===== DATASET RECORDS

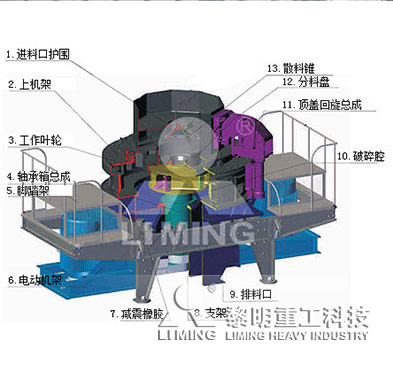 中心進(jìn)料伴隨環(huán)形瀑落進(jìn)料:物料落入制沙機進(jìn)料斗,在經(jīng)環(huán)形孔落下,被分料板分成兩股料,一股經(jīng)分料盤進(jìn)入高速旋轉(zhuǎn)的甩輪,另一股從分料盤四周落下。進(jìn)入甩輪的物料,在甩輪內(nèi)被迅速加速,其加速度可達(dá)數(shù)十倍重力加速度,然后高速從甩輪內(nèi)拋出,首先同由分料器四周自由落體的另一部分物料沖擊破碎,然后一起沖擊到渦流腔內(nèi)渦流襯層上,被物料襯層反彈,斜向上沖擊到渦流腔的頂部,又改變其運動方向,偏轉(zhuǎn)向下運動,又與從葉輪流道發(fā)射出來的物料撞擊形成連續(xù)的物料幕。這樣,一塊物料在渦流破碎腔內(nèi)受到兩次至多次幾率撞擊、摩擦和研磨破碎作用,被破碎的物料由下部排料口排出。
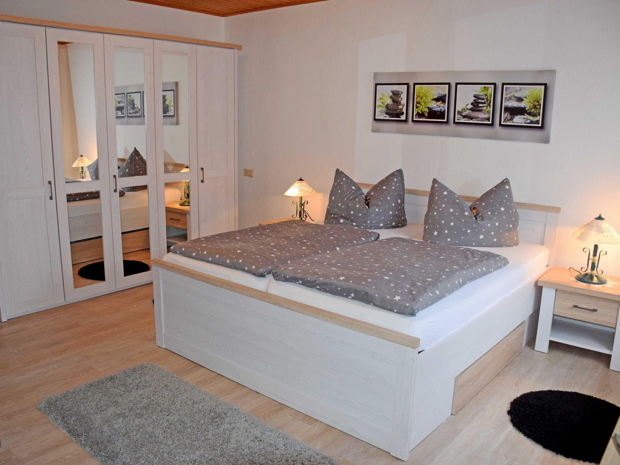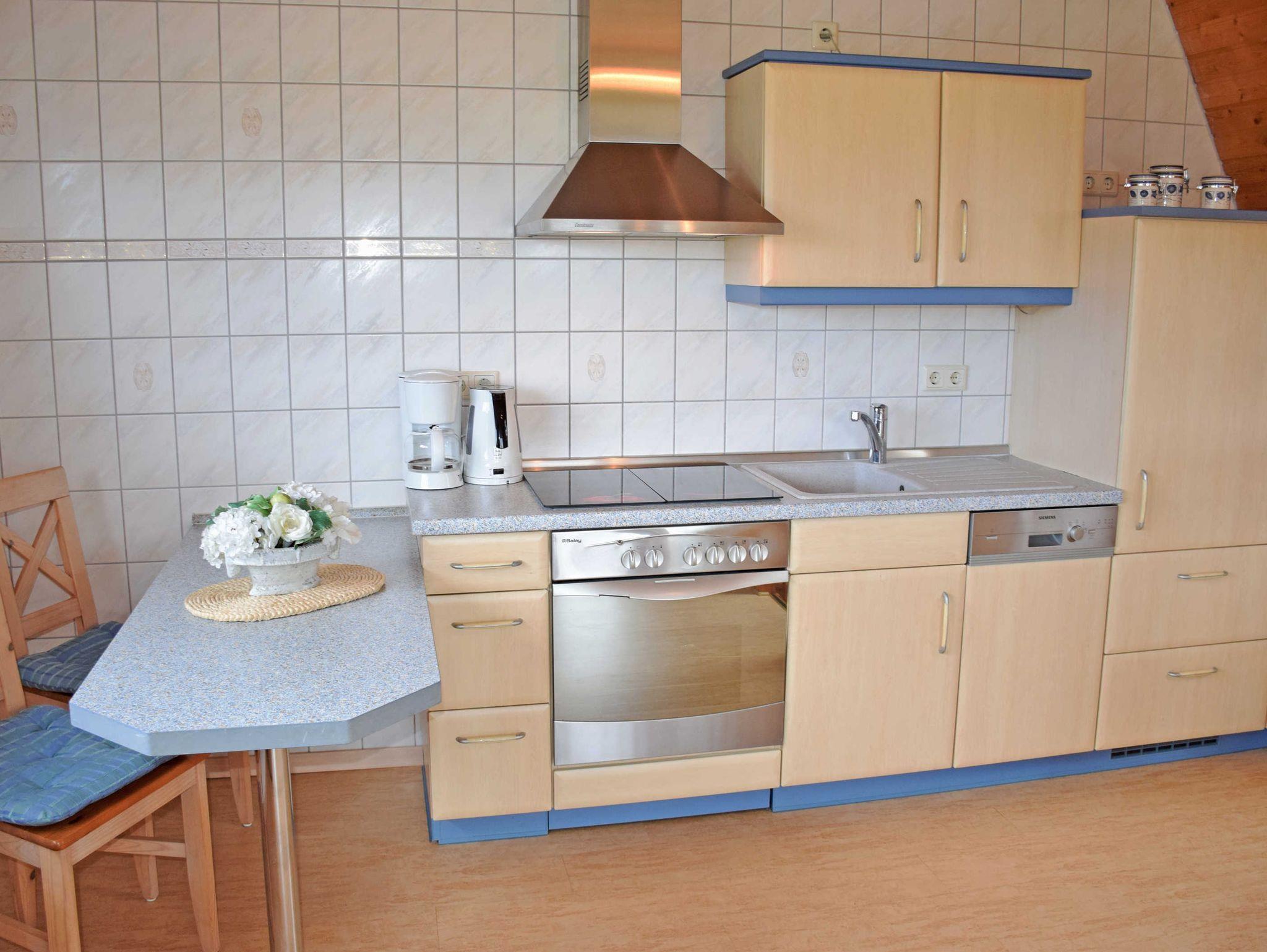 Die moderne Küchenzeile ist mit einem Herd, Abzugshaube, Backofen, Geschirrspüler, Minigrill, Wasserkocher, Kaffeemaschine, Toaster und Kühlschrank komplett ausgestattet. Das im Erdgeschoss liegende großzügige Schlafzimmer ist mit einem bequemen Doppelbett mit Nachtschränken und Leselampen sowie einem Kleiderschrank ausgestattet. Hier befinden sich auch eine Komode und ein Ankleidespiegel. Bei Ihrer Anreise liegen für Sie frische Handtücher bereit und die Betten sind selbstverständlich bereits mit Bettwäsche aufbezogen. Ein Wäschepaket (Wechsel) kann gegen eine Gebühr von 15 je Gast hinzugebucht werden.
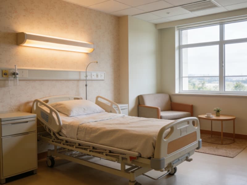 病房區(qū)摒棄冷硬色調(diào),墻面覆以柔和肌理的壁紙,病床旁設(shè)置可調(diào)節(jié)的柔光系統(tǒng),獨立觀景窗引入外部綠意,每間病房配備小型休憩角,讓陪護者也能獲得舒適體驗。
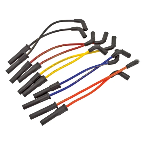 Sumax claims that these are the only plug wires that prevent your plugs to carbon up because of their superior ability to fire unspent gases. With Thundervolt wires your plugs are being cleaned when your bike idles. Consequently your bike will start and run better. The Sumax ferrite spiral wound core with a blend of copper/nickel alloy is bonded by a conductive acrylic cover and feature "Pro" spark plug boots with a vibration proof double spring locking spark plug terminals.
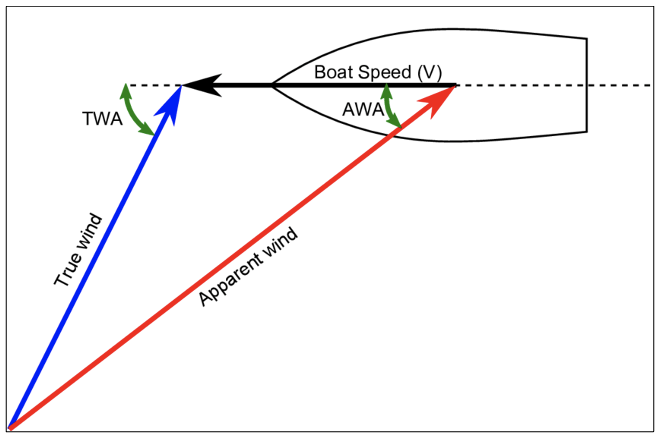 Additionally, the concept and understanding of apparent wind is fundamental as it is the wind that sailors feel and the boat’s instruments sense; it is a composite of the true wind (TWA) and the wind created by the boat's own forward motion (AWA) (Figure 1). As the boat accelerates, the apparent wind increases in velocity and veers increasingly forward than the true wind, which necessitates continuous adjustments to the sail's orientation and shape. It is this dynamic interplay between a variable true wind and the vessel's induced wind that determines the apparent wind direction and force, thereby influencing the sail's optimum trim and the boat's course. Mastery of apparent wind is what distinguishes champion sailors, allowing them to extract maximum energy from the wind, propelling the boat efficiently at various angles and in varying conditions.

==========

PROBLEM DETAILS
Set the data above down again exactly as given, with no pictures.

OUTPUT BELOW
 中心進(jìn)料伴隨環(huán)形瀑落進(jìn)料:物料落入制沙機進(jìn)料斗,在經(jīng)環(huán)形孔落下,被分料板分成兩股料,一股經(jīng)分料盤進(jìn)入高速旋轉(zhuǎn)的甩輪,另一股從分料盤四周落下。進(jìn)入甩輪的物料,在甩輪內(nèi)被迅速加速,其加速度可達(dá)數(shù)十倍重力加速度,然后高速從甩輪內(nèi)拋出,首先同由分料器四周自由落體的另一部分物料沖擊破碎,然后一起沖擊到渦流腔內(nèi)渦流襯層上,被物料襯層反彈,斜向上沖擊到渦流腔的頂部,又改變其運動方向,偏轉(zhuǎn)向下運動,又與從葉輪流道發(fā)射出來的物料撞擊形成連續(xù)的物料幕。這樣,一塊物料在渦流破碎腔內(nèi)受到兩次至多次幾率撞擊、摩擦和研磨破碎作用,被破碎的物料由下部排料口排出。
 Die moderne Küchenzeile ist mit einem Herd, Abzugshaube, Backofen, Geschirrspüler, Minigrill, Wasserkocher, Kaffeemaschine, Toaster und Kühlschrank komplett ausgestattet. Das im Erdgeschoss liegende großzügige Schlafzimmer ist mit einem bequemen Doppelbett mit Nachtschränken und Leselampen sowie einem Kleiderschrank ausgestattet. Hier befinden sich auch eine Komode und ein Ankleidespiegel. Bei Ihrer Anreise liegen für Sie frische Handtücher bereit und die Betten sind selbstverständlich bereits mit Bettwäsche aufbezogen. Ein Wäschepaket (Wechsel) kann gegen eine Gebühr von 15 je Gast hinzugebucht werden.
 病房區(qū)摒棄冷硬色調(diào),墻面覆以柔和肌理的壁紙,病床旁設(shè)置可調(diào)節(jié)的柔光系統(tǒng),獨立觀景窗引入外部綠意,每間病房配備小型休憩角,讓陪護者也能獲得舒適體驗。
 Sumax claims that these are the only plug wires that prevent your plugs to carbon up because of their superior ability to fire unspent gases. With Thundervolt wires your plugs are being cleaned when your bike idles. Consequently your bike will start and run better. The Sumax ferrite spiral wound core with a blend of copper/nickel alloy is bonded by a conductive acrylic cover and feature "Pro" spark plug boots with a vibration proof double spring locking spark plug terminals.
 Additionally, the concept and understanding of apparent wind is fundamental as it is the wind that sailors feel and the boat’s instruments sense; it is a composite of the true wind (TWA) and the wind created by the boat's own forward motion (AWA) (Figure 1). As the boat accelerates, the apparent wind increases in velocity and veers increasingly forward than the true wind, which necessitates continuous adjustments to the sail's orientation and shape. It is this dynamic interplay between a variable true wind and the vessel's induced wind that determines the apparent wind direction and force, thereby influencing the sail's optimum trim and the boat's course. Mastery of apparent wind is what distinguishes champion sailors, allowing them to extract maximum energy from the wind, propelling the boat efficiently at various angles and in varying conditions.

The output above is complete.